French woman in English Canada. World citizen, new mom, traveler, translator, writer and photographer. Looking for comrades to start a new revolution.

213 Comments

  1. Hi,

    I am a Bangladeshi Citizen and applied for Quebec immigration back 2013 and i got the Quebec confirmation in April 2016. After that we again applied for federal as you are well aware that Federal also need to be accepted for Quebec as well.

    Now, we last submitted documents in 31st October’2016 when they asked to provide the intention of staying at Quebec. We can see only its “in process” status in Canadian website. My question is how long will it take more as we are already in 5th year of total processing time. Its in now Singapore office so far we know form our agent.
    Can u comment on my situation?

    • There isn’t much I can say. This is a very long processing time for you, I rarely see it that long.
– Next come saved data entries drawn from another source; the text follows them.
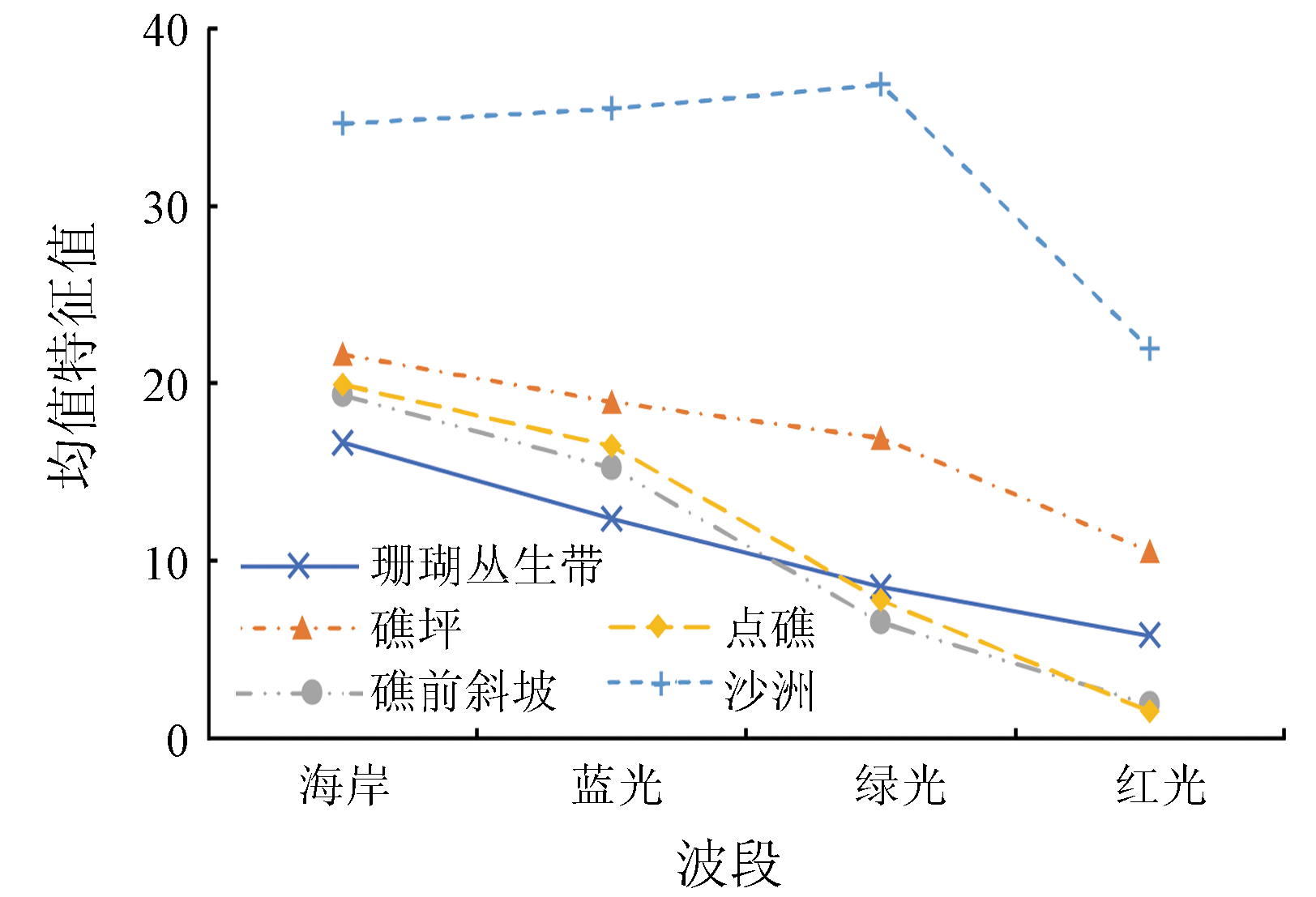 | 图4 珊瑚礁各底质均值纹理特征曲线 |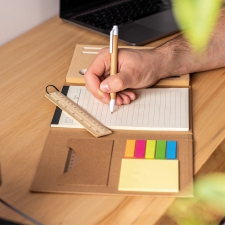 W środku znajduje się 80-stronicowy notes w linie, a także 20 kolorowych samoprzylepnych karteczek w 5 różnych kolorach, które ułatwiają oznaczanie i organizowanie ważnych informacji. Zestaw zawiera również dwie linijki (w tym jedną drewnianą), długopis, drewnianą temperówkę, gumkę do ścierania oraz dwa ołówki.To idealne rozwiązanie zarówno do biura, jak i na prezent dla osób ceniących porządek i wygodę w codziennej pracy.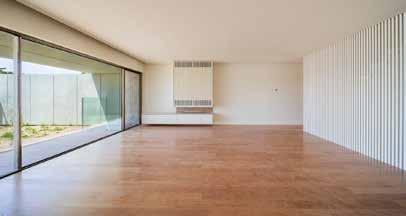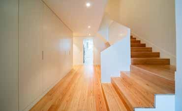 The Casas de Santo Amaro, with independent access via a pedestrian path, assert their individuality through interruptions emphasized by a vertical cut in the façade. With two private gardens, they are spread across four floors: the entrance floor includes a hall, kitchen, guest bathroom, and a living room opening onto the garden; the first floor offers a suite, two bedrooms, and a bathroom; the recessed second floor features a suite, an office, a library, and a terrace; and finally, the basement floor includes parking for three vehicles, utility spaces, and storage areas.
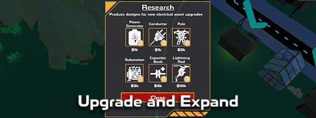 As the island community flourishes, your expertise as a Power Network Tycoon will be put to the test. You'll have the opportunity to upgrade and expand your network by building new power generators, power lines, substations and capacitor banks.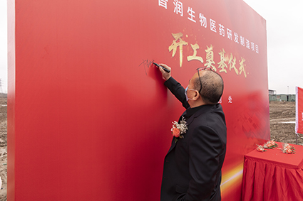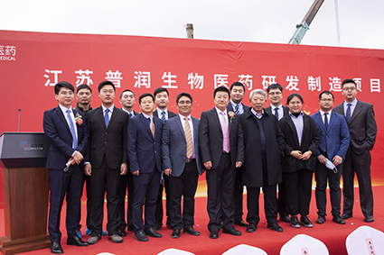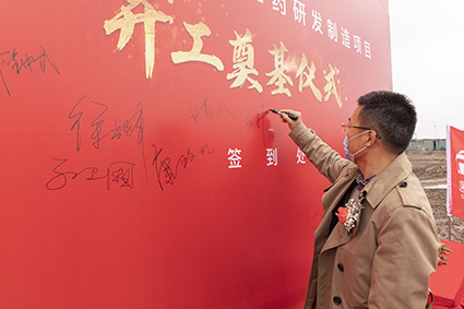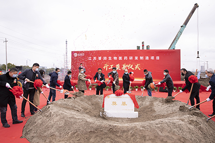 上午十时八分,仪式正式开始,首先由公司工程技术总监吉训进介绍“普润生物医药研发制造项目”概况。该项目按照母公司南京正大天晴在南京市的整体布局,为达到集团董事会确定的“搭平台、高标准、国际化”战略定位,于2019年正式启动,项目占地300亩,计划总投资额约30亿元,建设面积约20万平方米,建成后将实现集团公司在医药制造领域的全产业链体系布局。 随后,南京江北新材料科技园卞钟武主任上台致辞,他表示,在疫情防控局势持续向好、生产生活秩序逐渐恢复的背景下,普润医药项目开工奠基是科技园统筹推进疫情防控和经济发展的又一有力举措。南京正大天晴是位列中国化药综合实力百强的高科技成长型企业,江苏普润生物医药有限公司作为其首家全资子公司,发展潜力巨大,必将为科技园的发展集聚更多新要素、注入更多新活力、获得更多新优势,也必将有力推动科技园转型升级和高质量发展,希望各部门、各单位以开工为起点,全力以赴抓好问题的协调、要素的保障、项目的推进,争取项目早建成、早投产、早达效,科技园愿与各单位一道携手共进、双赢发展,共同迈进世界级园区行列。 南京正大天晴资深副总经理兼江苏普润生物医药有限公司总经理王宽起在发言中指出,“普润生物医药研发制造项目”自立项以来,得到了省委书记娄勤俭、市长韩立明以及江北新区、新材料科技园等各级领导的高度关注、亲切关怀,公司将承继母公司优秀的建设、经营经验,全面贯彻QBD理念,通过国际化招标等手段,在功能区设计和整体效果呈现上精益求精,并且始终牢记作为企业公民的使命担当,以超前的建设理念、科学的规划布局、较高的建设标准,不负使命,不负韶华,撸起袖子加油干,将脚下的300亩土地打造成一张平台优越、功能完善、创新力强的“时代企业名片”。 掌声雷动,礼炮齐鸣。在全体嘉宾的注视下,江北新材料科技园及各单位与会主要领导共同挥锹,为江苏普润生物医药有限公司奠基!仪式最后,各位领导及到场嘉宾纷纷合影留恋。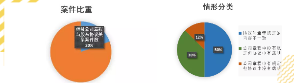 正如前文所述,由于股东协议和公司章程同时处于有效状态的情况是存在的,那么一旦股东协议与公司章程在内容上存在差异,准确地说,对于同一事项规定了不同的处理方式,纠纷随之而来。我们以2018年广东省高级人民法院审结的案件为样本,以“公司章程”为关键词搜索,涉及公司章程的裁判文书共41份,其中涉及到股东投资协议和公司章程规定差异产生的纠纷案件占比20%,具体统计情况如下图所示: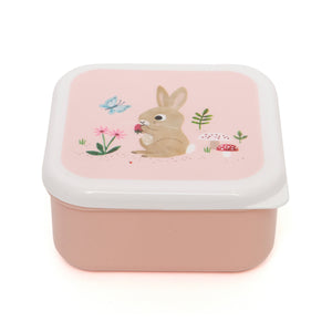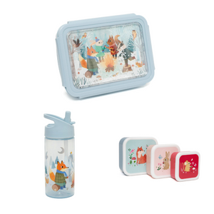 Een leuke bentobox, drinkfles en set van 3 snackdozen met bosdiertjes.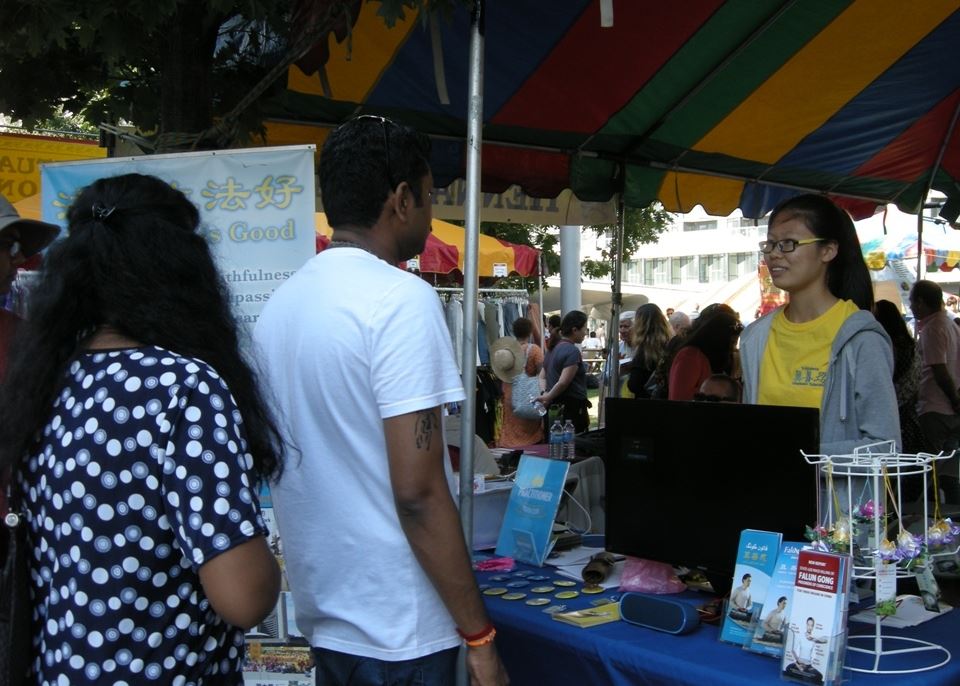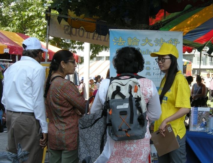 【明慧网二零一七年七月十八日】二零一七年七月十五日至十六日,加拿大多伦多法轮功学员青年俱乐部(Practitioner Youth Club)应邀参加了在多伦多市中心举办的第45届印度文化节(Festival of India),受到民众的喜爱和欢迎。初步了解了法轮功祛病健身的神奇功效和法轮功在中国受到中共迫害的真相后,很多人都想了解更多详情,有的还想修炼法轮功。人们纷纷谴责中共暴行并签名支持法轮功学员反迫害。

I’m not sure why… would it be because it is processed in Singapore? The CSQ adds an extra step as well, making the process longer.

  2. Good Morning Ma,

    I am a citizen of Canada and i mailed my application in sponsoring my spouse on the 2nd of March. I haven`t heard from the immigration to know if they have received it. Do you know how long it takes to hear back from them after the application is mailed?

    Kindly advise me and your answer and response will be well appreciated.

    Thanks

  3. Hello,
    My wife and I applied for QSWP in febuary 2014 with her being the principal applicant. We both work in the telecommunication industry am an Engineer and she is a roaming coordinator. We applied through an agency in Abijan (Access Canada) and its been three years now. Access Canada is mainly in the francophone countries in West Africa and my wife is Ivorienne so she is fronting the application process. We have met all requirements, my wife past all exams and interviews and we have been prompt with every payment. The reason why am writing you is that am a little worried about the pace and progress so far. I mean i hear you say the time it takes depends on the visa office and so on, however i still think the process is really slow considering the fact that our application is formidable. Can you advise me?

    • Even if your application is strong, there could be dozens of reasons why it takes so long, including background checks and the fact your visa office may be very busy. That said, I’m a bit concerned to hear you applied through an agency. I don’t know whether it’s legit but I would advise you to communicate with them if they acted on your behalf.

  4. Hi…my name is Anjaly.I applied for Quebec immigration in the year of 2015 October after two months I received my file number…, after that I don’t have any other information..How I know my processing still going on or in between any problem… Normallyit will take long time?

  5. Hi,

    My name is Poornima. I am having Finland Permenant A visa, valid upto 2 years. My husband and myself are moving to Ontario, Canada. I need to apply for Canadian spouse visa. Does my Finland Permenant A visa will be considered for speed up process or it takes 1 year for processing.

    • No, your status in Finland has nothing to do with the Canadian immigration process. Also, it may take more or less than a year, processing times are averages.